Ausgabe 2 / 2019 Andacht von Anke Ruth-Klumbies

Wassertanz – Glaubenstanz

Meditation zur Jahreslosung 2020

Von Anke Ruth-Klumbies

Nimm eine aufrechte Haltung ein. ¬ Wenn du magst, schließ die Augen. ¬ Warte auf deinen Atem, bis er sich meldet. Dein Atem darf in seinem eigenen Rhythmus strömen. ¬ Wo spürst du im Körper deinen Atem? Achte auf den Atemstrom, wie er in dich hineinfließt und wieder hinausgeht. Folge diesem Strom durch deine Nase in deinen Körper und wieder hinaus. ¬ Spürst du auch den kurzen Moment zwischen dem Ein- und Ausatmen? ¬ Atme auf diese Weise eine Zeitlang und dann beende diese Übung.
Betrachte nun das Bild in Ruhe.
Schau dich in das Bild hinein.
Verweile mit deinem Blick.
Stille
Eine Frau im roten langen Kleid.
¬ Ihr Körper schwebt mühelos aufrecht im blauen Wasser eines Schwimmbeckens. Ihre Haltung ist leicht nach vorne gebeugt. ¬ Das lange Kleid schmiegt sich weich an ihren Körper. Ein schmaler Schal umgibt ihren Hals, dessen Enden tanzen um ihren Körper.¬ Beide Füße sind gestreckt, wie bei einer Balletttänzerin. Der linke Fuß berührt zart mit der Zehenspitze den Beckenboden. Das rechte Bein ist anmutig angewinkelt. Die linke Hand hält grazil einen Kleiderzipfel, die rechte ist nach vorne hin geöffnet – bereit zum Tanz. Schwerelos.

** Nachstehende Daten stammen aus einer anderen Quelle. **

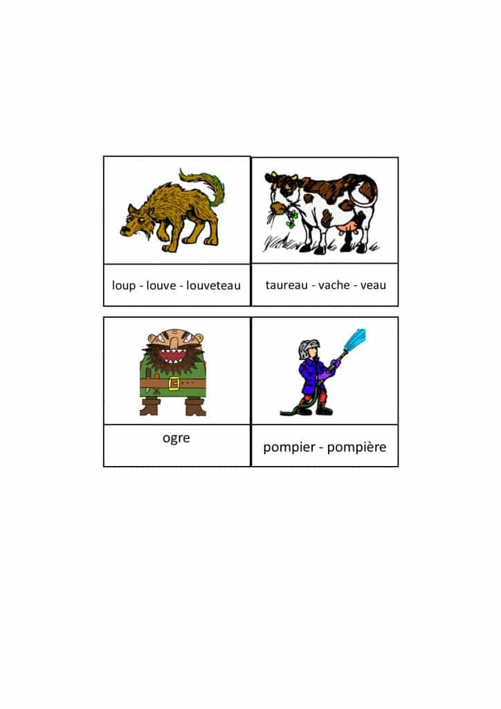 - une fiche sur les familles des animaux : mâle, femelle et petit.

„Tanzt, tanzt, sonst sind wir verloren“, sagte Pina Bausch.

Die langen dunklen Haare sind am Hinterkopf zu einem Knoten gebunden.

Die Gesichtszüge sind entspannt, die Augen geschlossen. ¬ Ein anmutiger, intimer Moment. ¬ In der rechten Bildhälfte erscheint das Spiegelbild der Frau. Verschwommen, gebrochen, verzogen vom Wasser. Frau und Spiegelbild nähern sich zärtlich an – bereit zum Kuss. ¬ „Wir sehen jetzt durch einen Spiegel ein dunkles Bild; dann aber von Angesicht zu Angesicht“, heißt es im ersten Brief an die Gemeinde in Korinth [ 13,12 ].

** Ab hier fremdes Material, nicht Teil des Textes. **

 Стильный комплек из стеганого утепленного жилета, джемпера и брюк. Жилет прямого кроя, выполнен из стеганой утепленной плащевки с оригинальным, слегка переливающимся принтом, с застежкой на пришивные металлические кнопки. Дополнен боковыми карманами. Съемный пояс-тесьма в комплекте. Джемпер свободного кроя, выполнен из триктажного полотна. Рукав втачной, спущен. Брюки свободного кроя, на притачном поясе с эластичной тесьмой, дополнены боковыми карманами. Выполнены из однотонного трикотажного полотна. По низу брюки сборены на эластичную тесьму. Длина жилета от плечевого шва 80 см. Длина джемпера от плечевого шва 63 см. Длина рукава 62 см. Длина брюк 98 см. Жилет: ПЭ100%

Der Moment zwischen Ein- und Ausatmen,
zwischen innen und außen. Einfach sein, ohne Anstrengung.
Dem Zwischenraum, der Lücke, der (Atem-) Pause, dem kleinen Nichts trauen.
¬ Und dann: sich vom Leben überraschen lassen. ¬ Den Atem spüren wie eine kleine Geburt, erneut ins Leben kommen dürfen. Ich ahne, dies ist eine gute Übung, um zu mir zu kommen, wenn ich außer mir bin – bereit, dem verwirrenden, schmerzvollen Leben zu vertrauen. ¬ „Du Atem aus der ewigen Stille durchwehe sanft der Seele Grund“, sagt Gerhard Tersteegen.

Auftrieb, leichtes Gleiten nach oben, angedeutet durch den in Spitze gestellten Fuß. ¬ Ich weiß: Ein leichtes Tippen mit der Zehe auf den Beckenboden und der Körper schwebt langsam durchs Wasser an die Oberfläche.

Ich spüre, wie Wasser am Körper entlang perlt. Müheloser Schwebezustand, das Leben im Dazwischen – bereit zur Hingabe. ¬ Ich schwebe, hilf meiner Starre. Ich liebe, hilf meiner Herzlosigkeit. ¬ „Mit dir will ich endlich schweben voller Freud ohne Zeit“, schrieb Paul Gerhardt.

Berührt von einem innigen Moment steige ich langsam tanzend mit auf. Ich hole Luft, atme befreit auf. ¬ Mein Blick geht nach oben. Auf der oberen Bildhälfte links entdecke ich drei Fenster. ¬ Tageslicht strömt herein. Ich bin bereit, mich dem Wagnis Leben erneut in die Arme zu werfen.
„Ich glaube; hilf meinem Unglauben“, lautet die Jahreslosung. Mk 9,24

Kirchenrätin Anke Ruth-Klumbies ist Leiterin der Abteilung „Frauen, Männer, Geschlechterdialog“ beim Evangelischen Oberkirchenrat der EKIBA. Als Zuständige für Publikationen im Präsidium der Evangelischen Frauen in Deutschland ist sie geborenes Mitglied im Redaktionsbeirat leicht&SINN.